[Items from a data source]

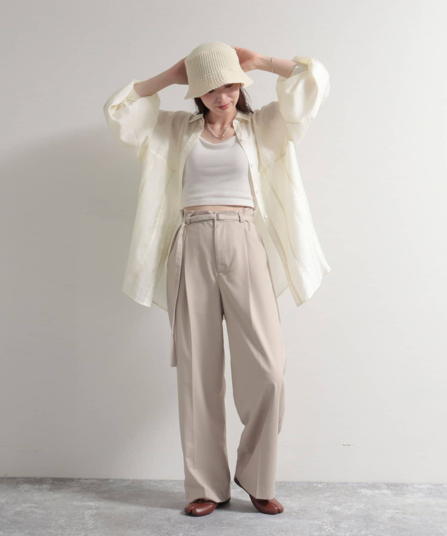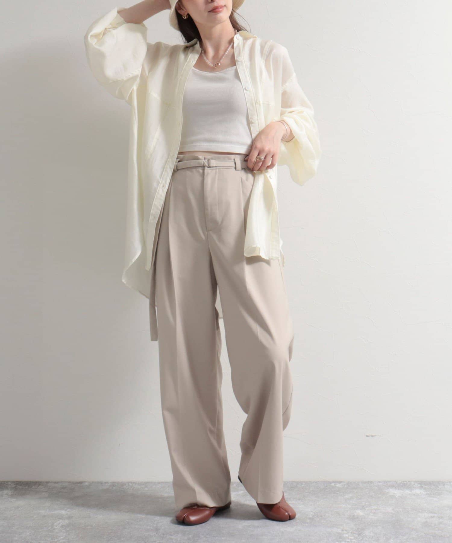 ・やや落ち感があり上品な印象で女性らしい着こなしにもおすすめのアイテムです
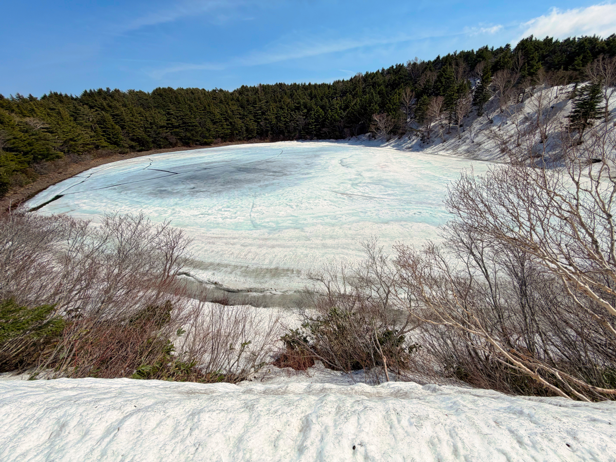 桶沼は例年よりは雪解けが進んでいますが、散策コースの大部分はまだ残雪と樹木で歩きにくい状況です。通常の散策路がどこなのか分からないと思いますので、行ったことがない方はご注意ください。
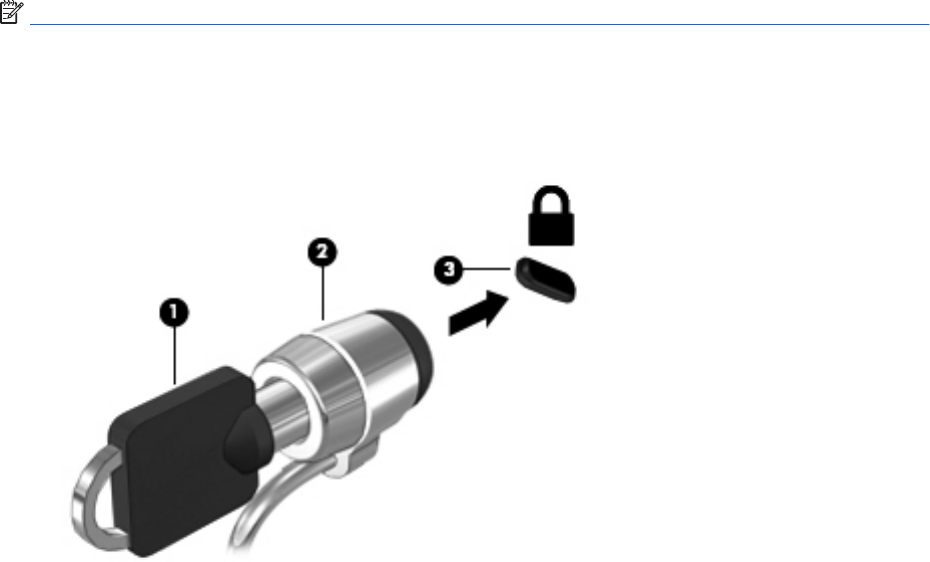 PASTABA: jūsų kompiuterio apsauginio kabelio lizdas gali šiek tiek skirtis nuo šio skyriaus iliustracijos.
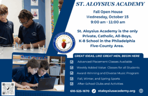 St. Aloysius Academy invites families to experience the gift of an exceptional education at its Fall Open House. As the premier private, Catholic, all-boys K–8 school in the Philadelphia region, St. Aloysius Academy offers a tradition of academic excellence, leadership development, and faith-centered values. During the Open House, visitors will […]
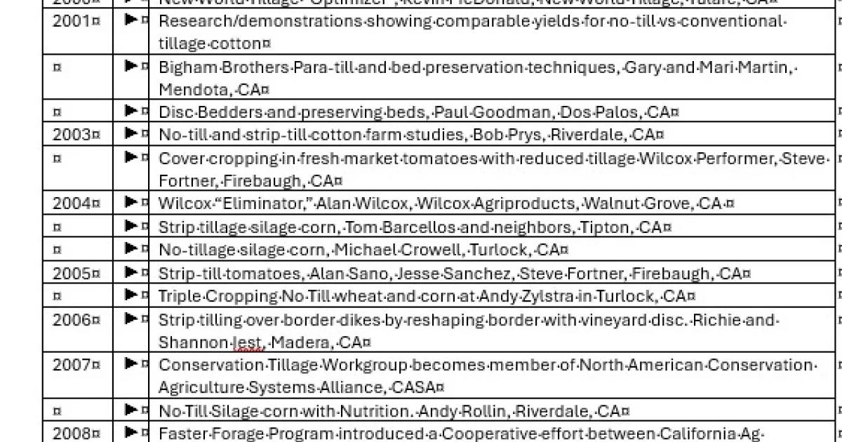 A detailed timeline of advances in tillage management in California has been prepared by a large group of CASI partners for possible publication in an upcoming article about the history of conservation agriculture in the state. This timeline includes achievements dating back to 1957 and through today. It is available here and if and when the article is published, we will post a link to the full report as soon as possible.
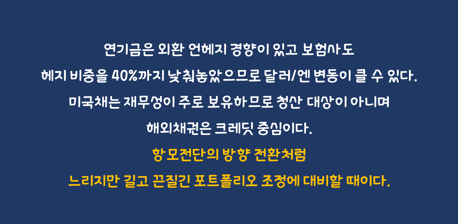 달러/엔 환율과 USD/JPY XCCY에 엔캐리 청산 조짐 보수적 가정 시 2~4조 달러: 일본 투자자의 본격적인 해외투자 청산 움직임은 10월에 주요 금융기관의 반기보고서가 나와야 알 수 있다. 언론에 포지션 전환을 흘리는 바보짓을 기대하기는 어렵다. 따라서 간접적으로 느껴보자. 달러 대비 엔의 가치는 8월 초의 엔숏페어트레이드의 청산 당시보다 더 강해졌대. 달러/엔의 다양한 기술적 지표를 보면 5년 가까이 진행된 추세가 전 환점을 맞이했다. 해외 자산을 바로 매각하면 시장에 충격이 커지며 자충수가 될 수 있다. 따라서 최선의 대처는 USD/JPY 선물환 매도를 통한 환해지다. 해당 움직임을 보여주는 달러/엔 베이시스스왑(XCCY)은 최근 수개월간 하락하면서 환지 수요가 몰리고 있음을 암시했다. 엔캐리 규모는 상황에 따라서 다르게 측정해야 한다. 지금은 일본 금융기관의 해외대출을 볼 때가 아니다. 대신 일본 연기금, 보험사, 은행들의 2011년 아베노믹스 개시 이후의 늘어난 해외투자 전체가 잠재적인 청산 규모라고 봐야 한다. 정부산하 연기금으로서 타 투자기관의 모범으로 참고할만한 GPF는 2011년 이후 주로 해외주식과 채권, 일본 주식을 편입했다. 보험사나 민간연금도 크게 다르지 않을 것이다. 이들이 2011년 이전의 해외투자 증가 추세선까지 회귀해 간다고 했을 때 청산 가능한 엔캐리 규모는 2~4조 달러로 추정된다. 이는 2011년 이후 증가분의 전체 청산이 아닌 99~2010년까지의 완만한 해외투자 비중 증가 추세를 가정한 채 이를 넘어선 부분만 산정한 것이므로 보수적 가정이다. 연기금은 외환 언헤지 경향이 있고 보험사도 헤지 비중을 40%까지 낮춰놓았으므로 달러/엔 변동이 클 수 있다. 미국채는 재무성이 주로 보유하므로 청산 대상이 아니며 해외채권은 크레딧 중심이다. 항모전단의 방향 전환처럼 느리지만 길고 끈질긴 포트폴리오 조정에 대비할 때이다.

Assigned task:
Keep each line of the records exactly as it is while transcribing them, but leave the images behind.

Solution to this problem:
 ・やや落ち感があり上品な印象で女性らしい着こなしにもおすすめのアイテムです
 桶沼は例年よりは雪解けが進んでいますが、散策コースの大部分はまだ残雪と樹木で歩きにくい状況です。通常の散策路がどこなのか分からないと思いますので、行ったことがない方はご注意ください。
 PASTABA: jūsų kompiuterio apsauginio kabelio lizdas gali šiek tiek skirtis nuo šio skyriaus iliustracijos.
 St. Aloysius Academy invites families to experience the gift of an exceptional education at its Fall Open House. As the premier private, Catholic, all-boys K–8 school in the Philadelphia region, St. Aloysius Academy offers a tradition of academic excellence, leadership development, and faith-centered values. During the Open House, visitors will […]
 A detailed timeline of advances in tillage management in California has been prepared by a large group of CASI partners for possible publication in an upcoming article about the history of conservation agriculture in the state. This timeline includes achievements dating back to 1957 and through today. It is available here and if and when the article is published, we will post a link to the full report as soon as possible.
 달러/엔 환율과 USD/JPY XCCY에 엔캐리 청산 조짐 보수적 가정 시 2~4조 달러: 일본 투자자의 본격적인 해외투자 청산 움직임은 10월에 주요 금융기관의 반기보고서가 나와야 알 수 있다. 언론에 포지션 전환을 흘리는 바보짓을 기대하기는 어렵다. 따라서 간접적으로 느껴보자. 달러 대비 엔의 가치는 8월 초의 엔숏페어트레이드의 청산 당시보다 더 강해졌대. 달러/엔의 다양한 기술적 지표를 보면 5년 가까이 진행된 추세가 전 환점을 맞이했다. 해외 자산을 바로 매각하면 시장에 충격이 커지며 자충수가 될 수 있다. 따라서 최선의 대처는 USD/JPY 선물환 매도를 통한 환해지다. 해당 움직임을 보여주는 달러/엔 베이시스스왑(XCCY)은 최근 수개월간 하락하면서 환지 수요가 몰리고 있음을 암시했다. 엔캐리 규모는 상황에 따라서 다르게 측정해야 한다. 지금은 일본 금융기관의 해외대출을 볼 때가 아니다. 대신 일본 연기금, 보험사, 은행들의 2011년 아베노믹스 개시 이후의 늘어난 해외투자 전체가 잠재적인 청산 규모라고 봐야 한다. 정부산하 연기금으로서 타 투자기관의 모범으로 참고할만한 GPF는 2011년 이후 주로 해외주식과 채권, 일본 주식을 편입했다. 보험사나 민간연금도 크게 다르지 않을 것이다. 이들이 2011년 이전의 해외투자 증가 추세선까지 회귀해 간다고 했을 때 청산 가능한 엔캐리 규모는 2~4조 달러로 추정된다. 이는 2011년 이후 증가분의 전체 청산이 아닌 99~2010년까지의 완만한 해외투자 비중 증가 추세를 가정한 채 이를 넘어선 부분만 산정한 것이므로 보수적 가정이다. 연기금은 외환 언헤지 경향이 있고 보험사도 헤지 비중을 40%까지 낮춰놓았으므로 달러/엔 변동이 클 수 있다. 미국채는 재무성이 주로 보유하므로 청산 대상이 아니며 해외채권은 크레딧 중심이다. 항모전단의 방향 전환처럼 느리지만 길고 끈질긴 포트폴리오 조정에 대비할 때이다.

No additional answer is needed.